Five others were described as stable but, to the astonishment of military observers, three men were able to walk almost unaided from the wreckage. An army source said: “Looking at the wreckage it is remarkable that anyone was able to crawl out alive.”
The Puma, which was from 33 Squadron, based at RAF Benson in Oxfordshire, broke up into three parts as it crashed into scrub on Hudswell Moor, near to disused farm buildings.
Andrew Pavey, 39, a coach driver from Colburn, near Catterick, watched as the Puma pitched at a 90-degree angle then “went down to the ground”. He said: “The helicopter was making an unusual engine noise, as if misfiring, just before it crashed. It had suddenly shot up out of the woods, straight up in the air, then it went on its side and disappeared behind the trees. There was no explosion or flames.”

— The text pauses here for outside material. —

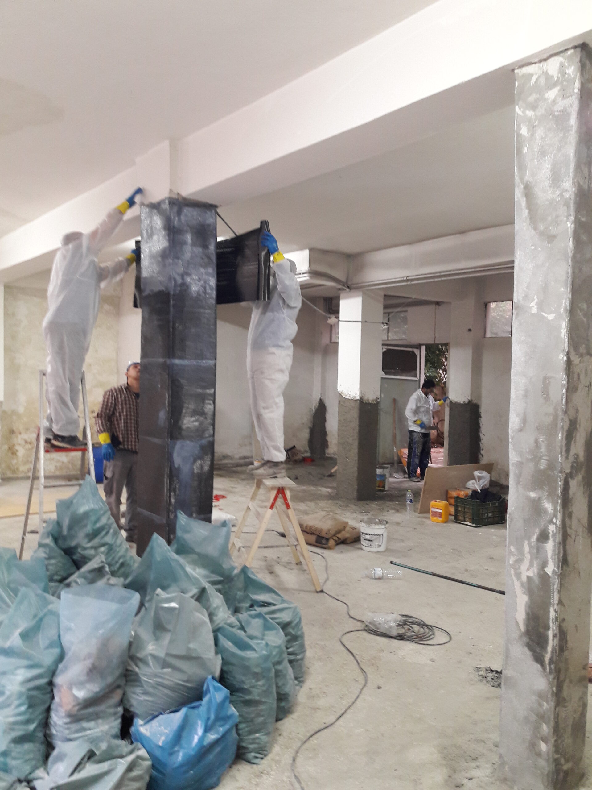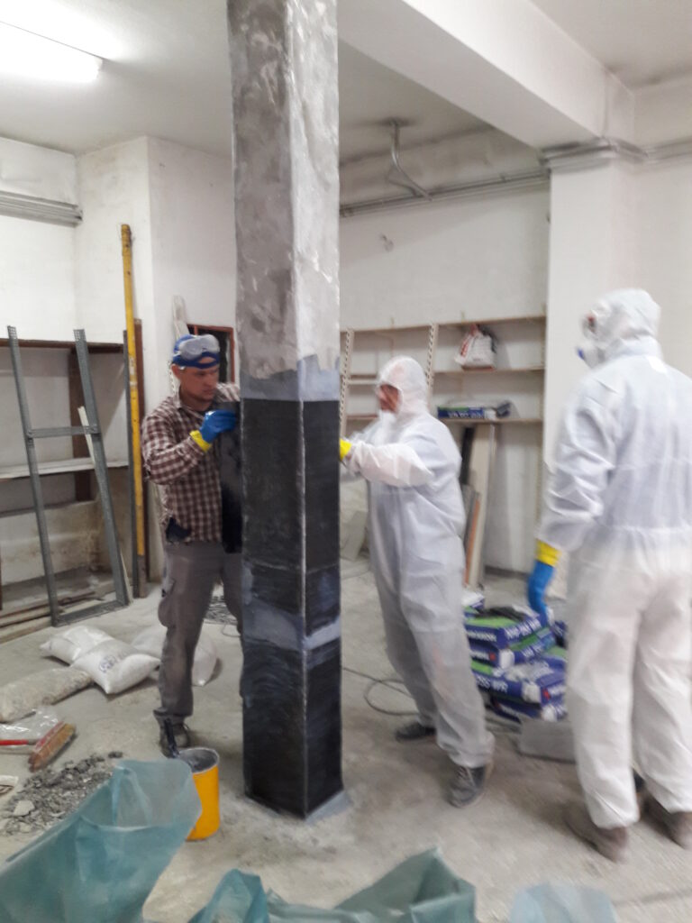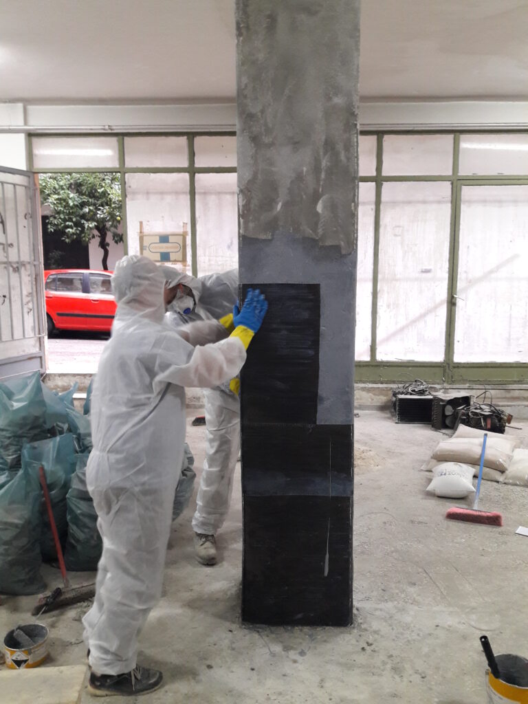 Πλήρης αποκατάσταση της Στατικής  και Αντισεισμικής Ικανότητας του Φέροντος Οργανισμού (υποστυλώματα και δοκοί) επταώροφης πολυκατοικίας με χρήση τεχνολογίας Ανθρακοϋφασματων ( Carbon-Fiber), εποξειδικών ρητινών και ινοπλισμένων κονιαμάτων.

It was the twelfth Puma to be lost through an accident since 1990, raising concerns over the transport helicopter’s serviceability.
But the Ministry of Defence said there were no plans to ground the RAF’s other 32 Pumas, some of which are deployed in Iraq. Four months ago two Pumas were involved in a mid-air collision in Iraq, in which two soldiers were killed.
The Puma first entered service in 1971, but the MoD plans to keep it for another 15 years and give it a complete upgrade.